◆ **PROBLEM REQUIREMENTS**
Below are the records; repeat exactly their lines between the line holding "为全面推进师范专业认证工作,学前与小学教" and the line holding "Ao centro, envolto", inclusive, skipping the pictures.
[RECORDS SHOWN Boundary: Start]
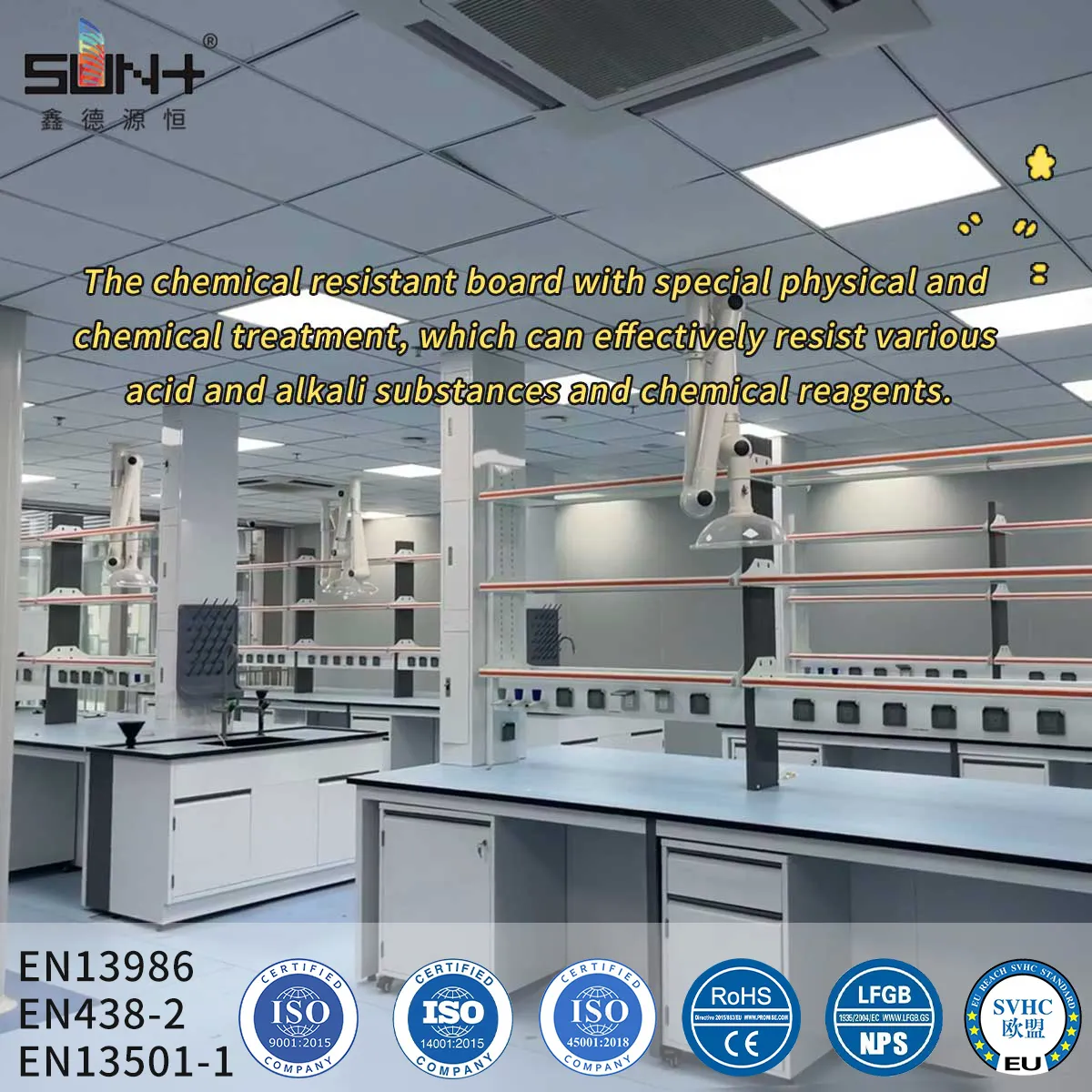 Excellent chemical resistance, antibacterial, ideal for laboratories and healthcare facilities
[RECORDS SHOWN Boundary: End]
[RECORDS SHOWN Boundary: Start]
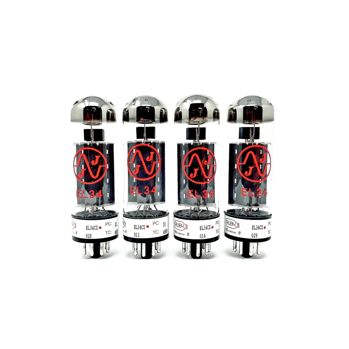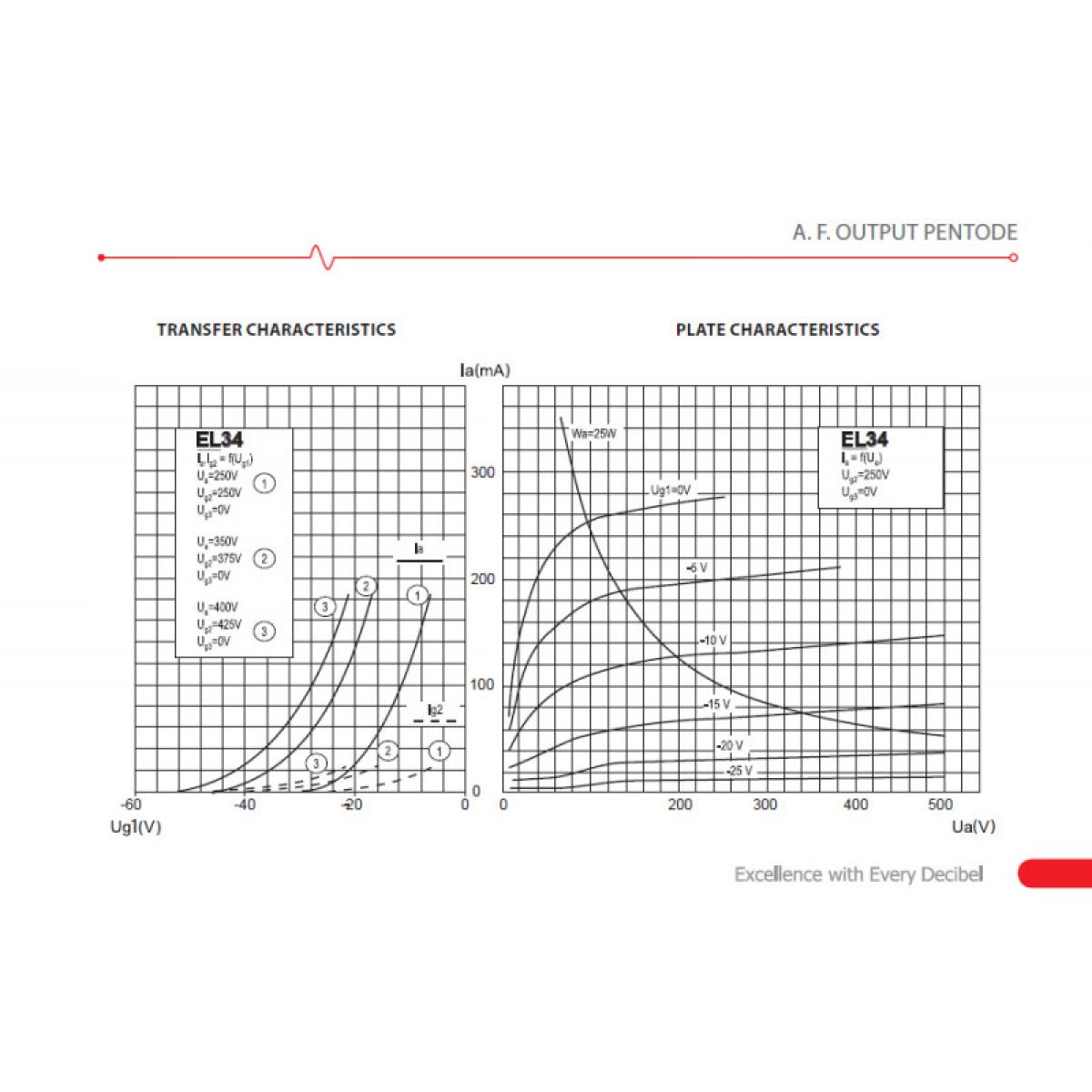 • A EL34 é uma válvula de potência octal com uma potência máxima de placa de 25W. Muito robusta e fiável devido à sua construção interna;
[RECORDS SHOWN Boundary: End]
[RECORDS SHOWN Boundary: Start]
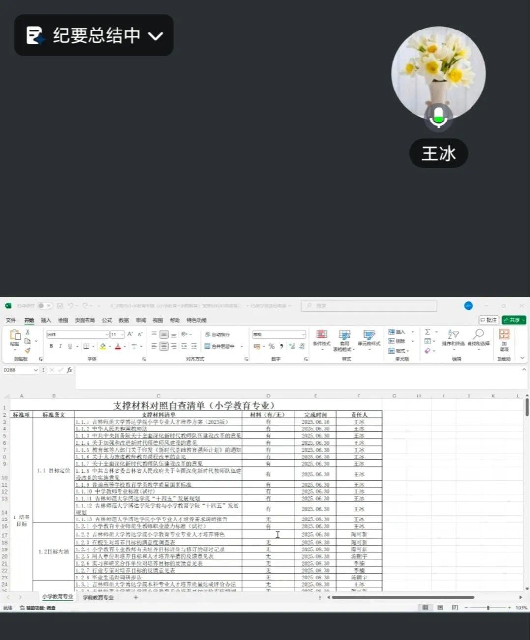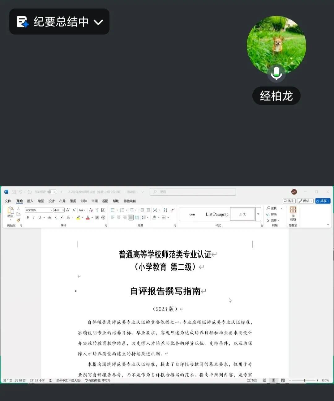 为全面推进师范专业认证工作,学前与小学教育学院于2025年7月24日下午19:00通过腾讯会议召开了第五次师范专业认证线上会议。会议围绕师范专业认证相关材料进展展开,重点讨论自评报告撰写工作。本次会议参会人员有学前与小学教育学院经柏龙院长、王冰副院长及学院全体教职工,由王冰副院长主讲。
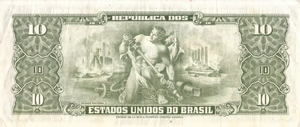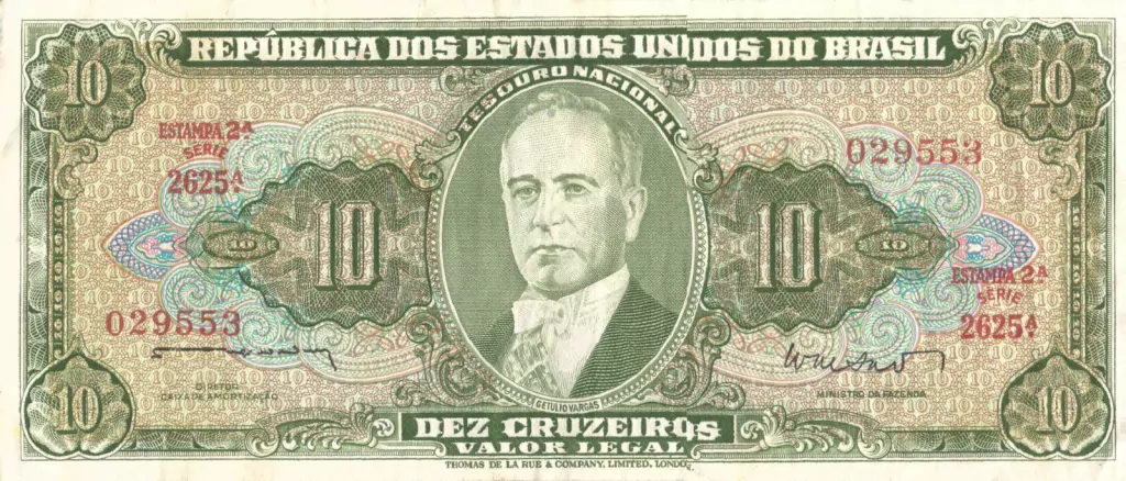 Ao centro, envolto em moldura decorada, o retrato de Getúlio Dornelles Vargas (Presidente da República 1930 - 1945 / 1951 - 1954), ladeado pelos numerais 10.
[RECORDS SHOWN Boundary: End]
◆ **OUTPUT BELOW**
 为全面推进师范专业认证工作,学前与小学教育学院于2025年7月24日下午19:00通过腾讯会议召开了第五次师范专业认证线上会议。会议围绕师范专业认证相关材料进展展开,重点讨论自评报告撰写工作。本次会议参会人员有学前与小学教育学院经柏龙院长、王冰副院长及学院全体教职工,由王冰副院长主讲。
 Ao centro, envolto em moldura decorada, o retrato de Getúlio Dornelles Vargas (Presidente da República 1930 - 1945 / 1951 - 1954), ladeado pelos numerais 10.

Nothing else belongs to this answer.